Konuyla ilgili açıklamalarda bulunan Karadeniz Teknik Üniversitesi (KTÜ) Orman Mühendisliği Kısmı Orman Entomolojisi ve Muhafaza Anabilim Kısmı Öğretim Üyesi Doç. Dr. Kadir Alperen Coşkuner, Türkiye’nin coğrafik pozisyonu nedeniyle orman yangınlarına en açık ülkeler ortasında yer aldığını söyledi. Coşkuner "Ülkemiz, bulunduğu coğrafik pozisyon prestijiyle orman yangınlarına son derece hassastır. Yaklaşık 12,5 milyon hektarlık orman alanı yangın riski altındadır. Bilhassa Hatay’dan başlayıp Batı Karadeniz’e kadar uzanan kıyı şeridi boyunca bu ormanlık alan, uzun yangın dönemi olarak tanımladığımız periyotta yangınlara açık hale gelir. Mayıs ayından Ekim ayına kadar süren bu periyot, yangın dönemi olarak kabul edilmektedir. Farklı devirlerde yangınlar çıkmakla birlikte, bilhassa 2021 yılında vakit zaman ekstrem hava şartları yaşanmıştır. Örneğin, Temmuz başı ile Haziran sonu ortasındaki dönemde İzmir’in Çeşme bölgesinde önemli yangınlar meydana gelmiştir. Bu periyotta poyrazın tesiriyle rüzgar suratının 50 kilometrelere, hatta rüzgar atılımı dediğimiz ani artışlarla 80 kilometreye ulaştığı görülmüştür.
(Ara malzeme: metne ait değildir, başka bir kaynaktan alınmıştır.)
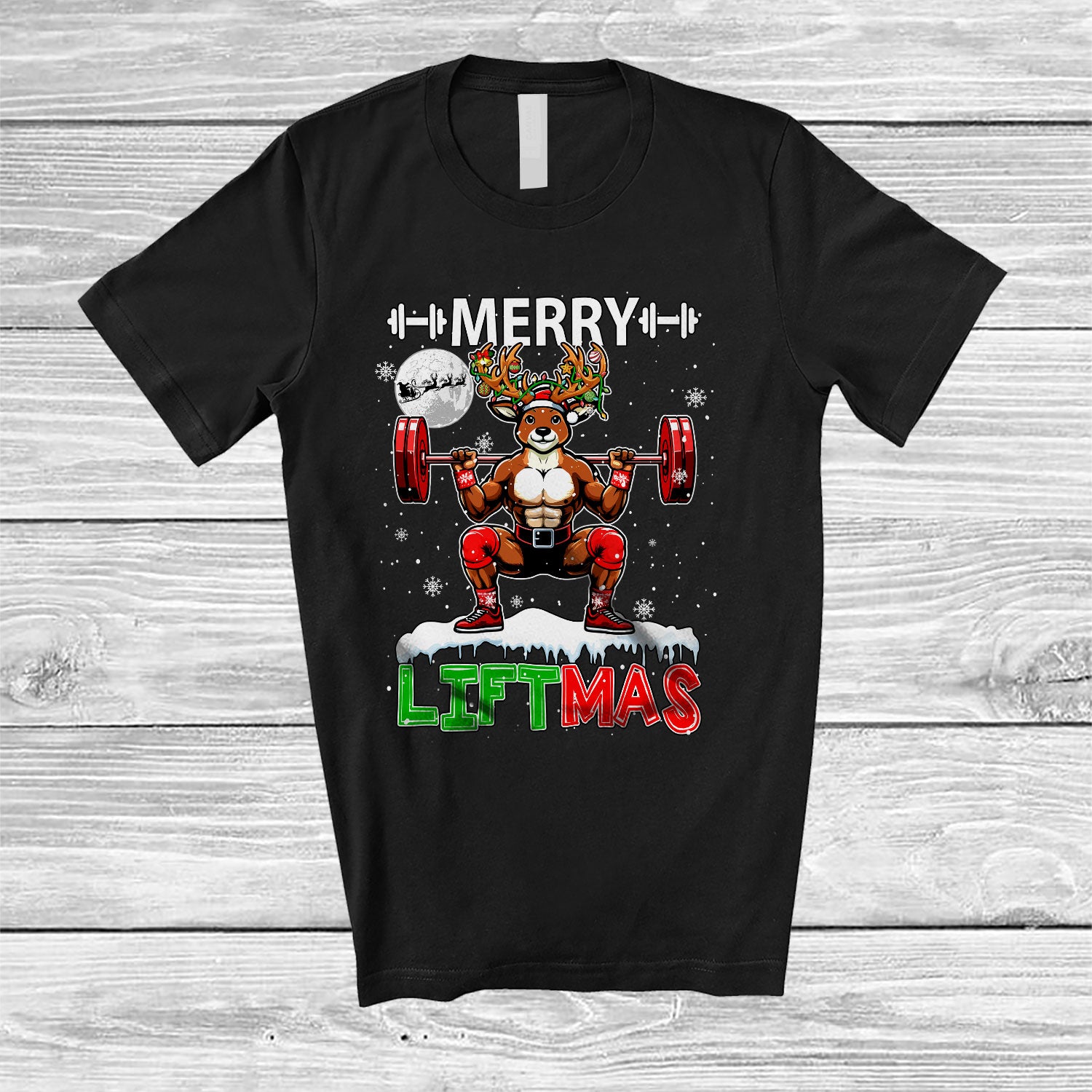 • Merry Liftmas; Humorous Christmas Muscle Reindeer Weightlifting; X-mas Gym Workout Group T-Shirt. This cotton t-shirt is a durable staple product with a classic fit. One of the most popular items, it has a relaxed style made for everyday and casual wear.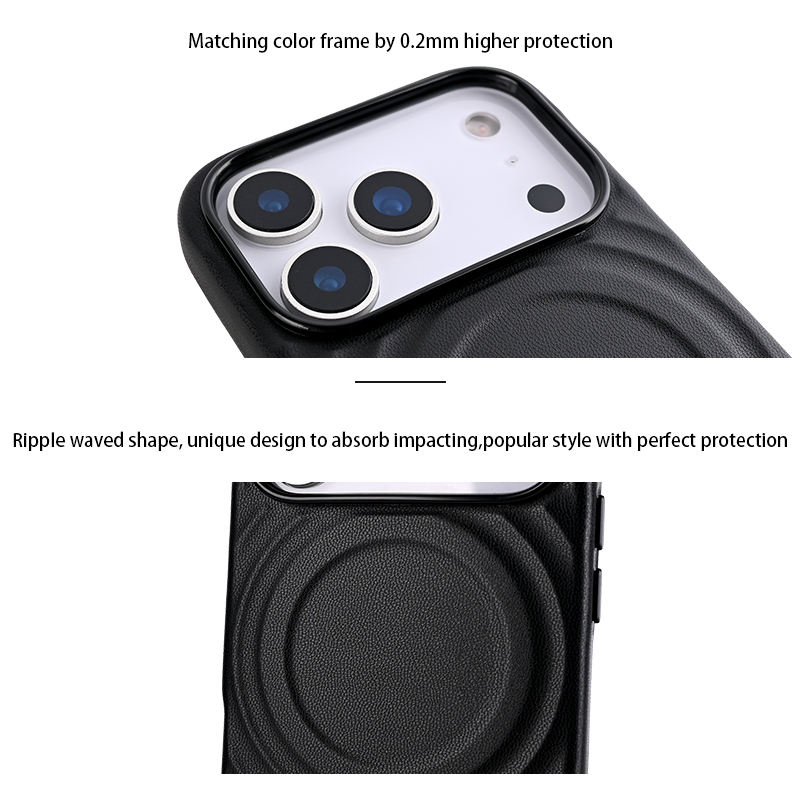 2025การออกแบบให้มีน้ำหนักเบามีในสต็อกเคสหนัง PU ripple Nappa 38แม่เหล็กแข็งแรงเลนส์มุมกว้างสำหรับ iPhone 17 PRO MAX

Birebir vakitte hava sıcaklıklarının çok yüksek, bağıl nemin ise çok düşük olduğu bu süreçte, yanıcı unsurların nem oranı da azaldığı için olağandışı ve şiddetli yangınlar meydana gelmiştir" dedi.
"Bu yıl varsayımı olarak 40-50 bin hektar civarında bir alanın yangınlardan etkilendiğini düşünüyorum"
Bu yıl 40-50 bin hektar civarında alanın yangından etkilendiğini belirten Coşkuner, "Ülkemizde toplamda yaklaşık 23 milyon hektarlık orman alanı bulunmaktadır ve bunun yüzde 55’i orman yangınlarına hassastır. Uzun yıllara ilişkin istatistiklere nazaran, yılda ortalama 14 bin hektarlık orman alanı yanmakta, bu da yaklaşık 2 bin 200 orman yangınına denk gelmektedir. Lakin bu yıl yanan alan ölçüsünün hayli fazla olduğunu, iddiası olarak 40-50 bin hektar civarında bir alanın yangınlardan etkilendiğini düşünüyorum. Bu alanlara yalnızca ormanlar değil tarım alanları ve yerleşim yerleri de bu kapsama dâhildir" diye konuştu.
Yüzde 98’i insan kaynaklı
Yangınların yüzde 98’inin insan kaynaklı olduğunu kaydeden Coşkuner, "Ülkemizdeki orman yangınlarının yüzde 98’i insan kaynaklıdır. Kimi istatistiklerde bu oran yüzde 80-90 ortasında gösterilse de, temel kıymetlendirme yanan alan ölçüsü üzerinden yapılmalıdır. Yangın sayısı değil, yanan alan daha belirleyicidir. Bu kapsamda yalnızca yüzde 2’lik bir kısmın yıldırım üzere doğal nedenlerle çıktığını söyleyebiliriz. Geri kalan büyük çoğunluk, maalesef insan kusurundan kaynaklanmaktadır. Orman yangınlarını bina yangınlarından ayırmak gerekir. Bina yangınları daha statik, denetim altına alınabilirken, orman yangınları açık alanda özgür yayılma eğilimindedir ve atmosferik şartlardan direkt etkilenir. Şayet yangına birinci müdahale sırasında denetim sağlanamazsa ve yangının ilerlediği istikamette rüzgar tesiriyle birlikte çok ölçüde yanıcı husus bulunuyorsa, yangını durdurmak epeyce zorlaşır" biçiminde konuştu.
En büyük kayıp: insan hayatları
Yangınların en acı tarafının can kayıpları olduğunu tabir eden Coşkuner, "Bu cins olaylarda en büyük sorun, insan kayıplarıdır. Yangını süratlice denetim altına almak için gayret edenler, vakit zaman yangının içinde kalabilmektedir. Yüksek ısı nedeniyle beden sıcaklığı artar ve kişi fark etmeden şuur kaybı yaşayabilir. Birebir anda ağır duman da görüşü engellediğinden, olay öngörülemez bir hale gelir. Ekseriyetle evvel dumandan zehirlenme gerçekleşir, akabinde şuur kaybı sonrası yangın vücudu tesirler. Ne yazık ki bu süreç genelde bu türlü ilerlemektedir" tabirlerini kullandı.